Crop prospects in Greece continue to look good, with packers poised to have their best season in the past few years. Greek exports last year finalized at 252,000 mtons, up from 167,000 mtons in 2004. The best guess for the new season is that exports could limb to 290,000 mtons this year. Outside of Greece though, a worldwide worsening condition is developing due to below average crops in the U.S., China and South America. Furthermore, for the U.S. market, the dollar denominated price of Greek peaches, after converting from euros, has gone up proportionally to the currency change. Overall, Greece is expected to send needed peaches to U.S. shores, but unless the currency improves, pricing will be higher than expected just weeks ago.

After several disappointing seasons, the Asian pineapple outlook this year finally looks better than last year.

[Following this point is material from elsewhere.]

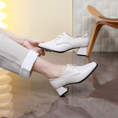 系带复古小皮鞋25秋季新款女鞋方头粗跟中跟低帮鞋深口31小码单鞋
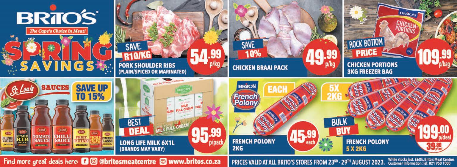 NIE TE KOOP AAN PERSONE ONDER DIE OUDERDOM VAN 18. GENIET VERANTWOORDELIK. CERES SUPERSPAR (023) 316-2226 SUPERSPAR BUSINESS HOURS: Mon - Sun 07:00 - 19:00 TOPS: BUSINESS HOURS: Mon - Fri 09:00 - 19:00 Sat 09:00 - 17:00 ONLY AVAILABLE AT CERES SPAR FROM 24 - 27 AUGUST 2023 OR WHILE STOCKS LAST. VAT INCL. NO DEALERS. ERRORS AND OMISSIONS EXCL. Foccacia peppers Spar vacuum pack cheese 700g 2.5kg Spar Refined White Sugar Simba Potato Chips 120g Pro-Wash Fabric Softener 500ml Whole & ½ Lamb Pantene Shampoo or Conditioner 360ml / 400ml ass. Bokomo Weetbix 900g Bulk Rump steak Royco Soup packets ass. 50g Ceres Spar bulk Boerewors 8999p/combo SERVING SUGGESTION Flora Regular or Light Fat spread tub 1kg Protex hygiene soap 150g ass. Whole Chicken + 6 rolls Spatchcock Chicken 4kg Omo Auto washing powder Spar 2-ply Toilet rolls 350 sheet, 18’s Castle Lite Cans 6 x 410ml 2499 5299 each Wortels 750g Aartappels 7kg Koolkop, Uie 1kg Patats 1kg PER COMBO 12000 Nivea Roll on 50ml 1399 each Nescafé Classic Coffee Jar (Incl. refill pouch 230g) 200g 11499 p/kg 9499 p/kg 13999 p/kg 4999 p/kg Klipdrift Export 750ml 14999750ml Wild Africa Liquer 750ml 11499 750ml BUY 2 FOR 15000 Grant’s Whiskey 750ml 19999 750ml 10999 1999 each 12499 each 4699 2 FOR 4500 7999 5999 each 3 FOR 4400 6499 each 8999 each 4 FOR 1800 Futurelife Smart Food, Zero ranges 500g 3699 each

The only holdup to a weakening market is the appreciation of the Thai baht against the U.S. dollar (also about 10%).

While the tomato outlook in Italy appears moderate compared to last season, the situation overseas appears better than in rain soaked California – especially for high end peeled plum tomatoes.

The currency strength of the euro vs the dollar continues to exasperate this season’s already firm market in green and ripe table olives.

Unlike table olives, for the past several years, olive oil has traded in a dramatic “opec-like cartel” manner. When the olive crop was plentiful last year, the large olive oil coops withheld oil in their tanks, successfully pushing up pricing. When the poor crop outlook for this season became apparent towards the end of 2005, the coops pushed pricing up even more – reaching new historic heights. However, unlike gasoline which experiences continued high demand even as prices peak, olive oil demand has slowed, and with it, the coops finally could not keep up. While the severe depreciation of the dollar should be drastically increasing olive oil pricing, weak demand is preventing packers from raising prices at all.

While supply is stable, the falling dollar is increasing Spanish artichoke prices by several dollars per case. South American artichokes, for those specs not exclusively Spanish, offers an opportunity to dampen this effect, but unfortunately supplies from the Southern Hemisphere are tight.